Gary Woodland has been playing steady golf recently, but he thinks he might be reaching top form at the right time.
Woodland, who grew up in Topeka and played at Kansas, is confident that he can do well in the U.S. Open, which runs Thursday through Sunday in Pinehurst, N.C.
“I am in a good spot,” Woodland said Wednesday evening from Pinehurst. “I am excited with where my game is at.”
Woodland hasn’t won on the PGA Tour since capturing the Reno-Tahoe Open last August, but he has frequently played well since the 2013-14 season started in October. He has made the cut in 14 of his 15 PGA Tour starts this season, and he has finished in the top 20 in six of eight starts since the beginning of March. His best finish recently was a tie for seventh at the Byron Nelson Championship last month.
“I’m trending in the right direction,” Woodland said. “I feel like I am getting better and peaking at the right time.”
Woodland spent the day Wednesday working on his game with Greg Norman, who was a two-time U.S. Open runner-up during his career and won 20 times on the PGA Tour.
“We’ve been working on all aspects of my game,” Woodland said. “I’ve been working with him since the beginning of the year. I believe things are really starting to come together.”
Norman gained a lot of attention as he walked with Woodland during a practice round, and they went to the practice area when it was over.
“He’s got so much talent, and I hate to see good talent go to waste,’’ Norman told The Topeka Capital-Journal. “I don’t tell him a lot. I tell him what I see, because I was a power player, and some of the minor adjustments that are needed.”
Woodland is playing in the U.S. Open for the fifth time. His best finish was a tie for 23rd in 2011.
The U.S. Open is known for being played on some of the country’s toughest courses, and this year is no exception. Pinehurst No. 2 is playing host to the Open for the third time.
“The golf course is unbelievable,” Woodland said. “Visually, it is awesome.
“Physically, it is very demanding. We’re supposed to get a little rain, which would soften things up. I think that would work to my advantage.”
If there is a lot of rain, that could make the course play longer and favor powerful players like Woodland.
It could also lead to lower scores than in past U.S. Opens at Pinehurst. Payne Stewart was 1-under when he won in 1999 and Michael Campbell finished at even par in his run to the title in 2005.

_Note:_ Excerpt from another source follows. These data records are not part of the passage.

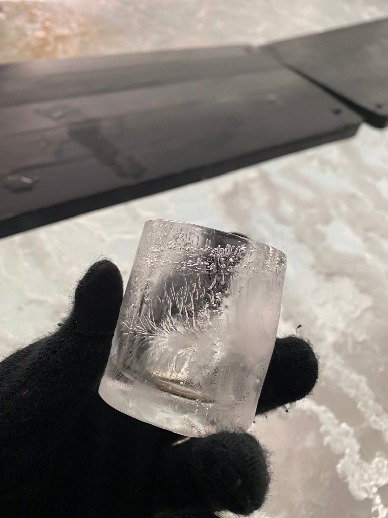 Efter at have beundret alle værelserne, gik vi i isbaren. Her er selve baren, samt bænke og borde lavet af is. Vi skulle selvfølgelig her have den klassiske drink i isbaren, som blev serveret i et shotglas lavet af is. Vi valgte bartenderens yndlings finske vodka, vi var jo trods alt i Finland, og vi havde ingen steder fået serveret vodka indtil da. Nu er jeg ikke så meget til vodka, men jeg må give ham, at den faktisk var ganske okay. Efter at vi havde tømt glassene, skulle de, traditionen tro, kastes mod væggen.
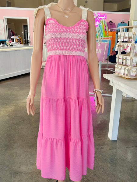 This pink tiered maxi dress is sure to impress everyone with its sweetheart neckline, ribbon straps, and smocked bodice with white embroidery.
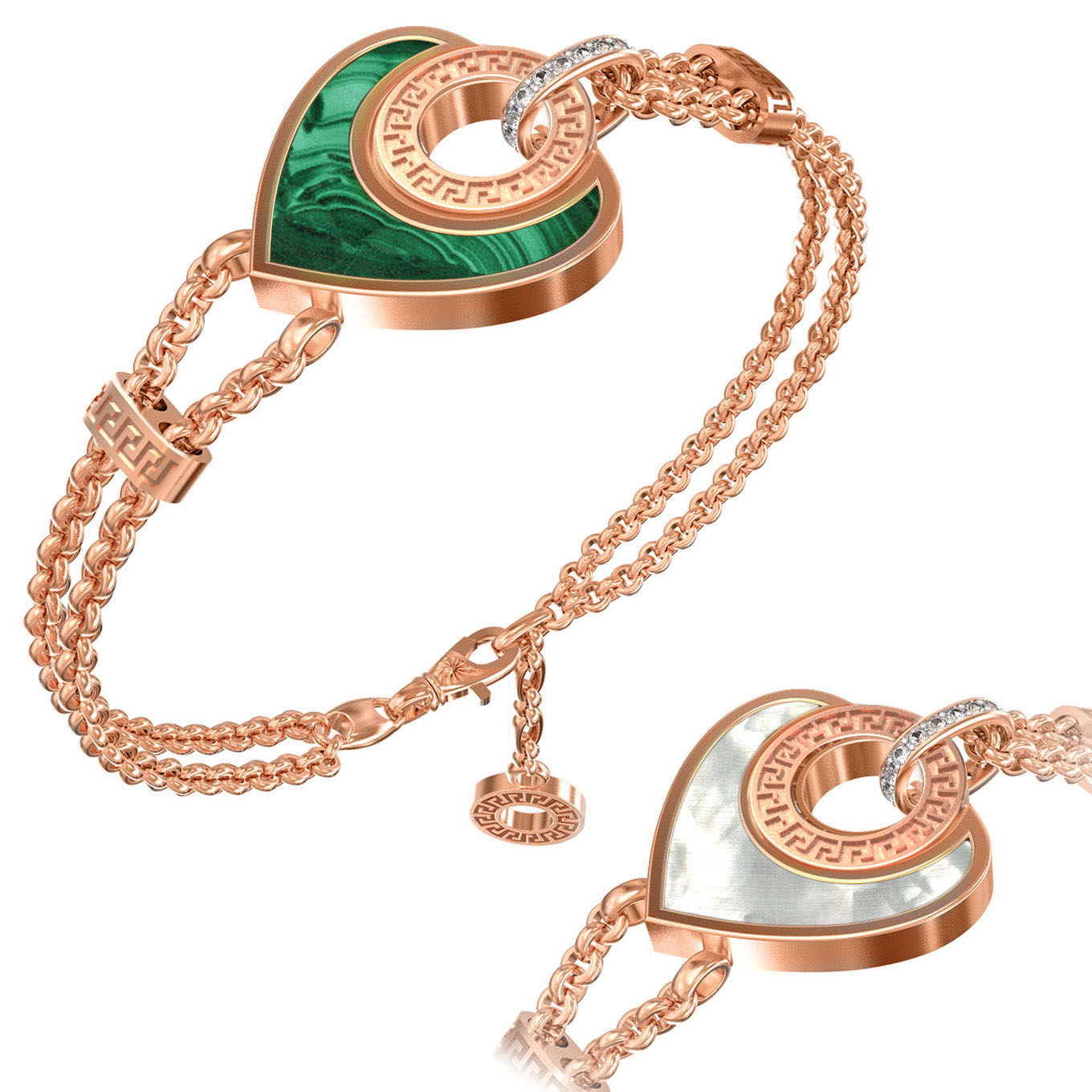 • Браслет из лимонного золота c фианитом, малахитом и перламутром
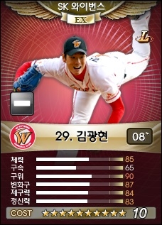 프로야구 매니저 2014의 SK김광현 선수 카드.
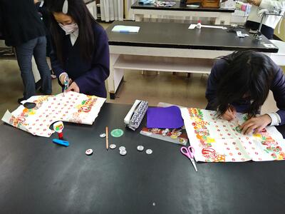 6年生は針金を曲げて、それに和紙を貼ってつくるランプシェードです。
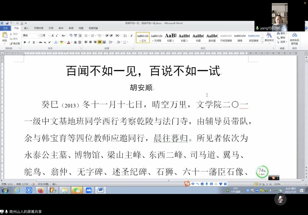 7月25日上午,公司胡安顺教授为营员做了题为“百闻不如一见,百说不如一试”的专题学术讲座。讲座由公司副经理杨晓斌主持。胡安顺教授主要从老员工成长成才与古代汉语研究两个角度出发,为同学们进行了深入浅出的阐释。胡安顺教授指出,夏令营营员作为准研究生,首先要提早明确研究方向,并做出实际努力。其次,应充分利用课余时间,培养广泛的学习兴趣,成为一个多才多艺、全面发展的青年。最后,就古代汉语的学习,胡安顺教授结合个人实际经验,讲述了“百闻不如一见,百说不如一试”的内涵,他倡导营员们在读书、写作、治学中多读勤写、多练勤学。
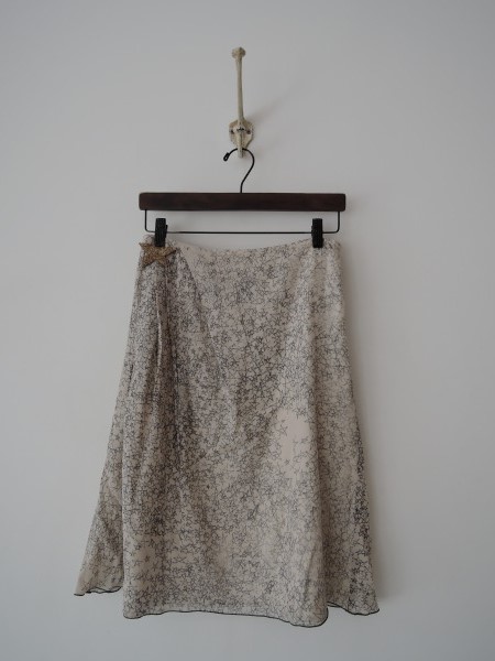 デザイン:mina perhonen 「galileo」のスカートです。カラーはライトグレーベージュ地にグレーの星柄、やや透け感のある薄手生地で、ウエスト左サイドのジッパーです。前右腰にゴールドの星&タックが施され、ポケットはなく、裏地付きです。 (掲載写真は、実商品のカラーにできるだけ近づけるよう努力はしておりますが、お使いのモニターや画面設定等によっては、色が異なって見える場合もございますので、予めご了承下さい)

One thing Woodland and other American players are trying for this year is a spot on the U.S. Ryder Cup team. Kansas City’s Tom Watson will captain the U.S. squad when the biennial international competition is played Sept. 26-28 at Gleneagles in Scotland.
The top nine players in points after the PGA Championship in August will be on the team, and Watson will get to make three selections. Woodland enters the Open in 20th place in the standings but likely would move up with a strong showing this week.
“Obviously growing up, I looked up to Tom Watson,” Woodland said. “To represent America and play for him in the Ryder Cup would be quite an honor.”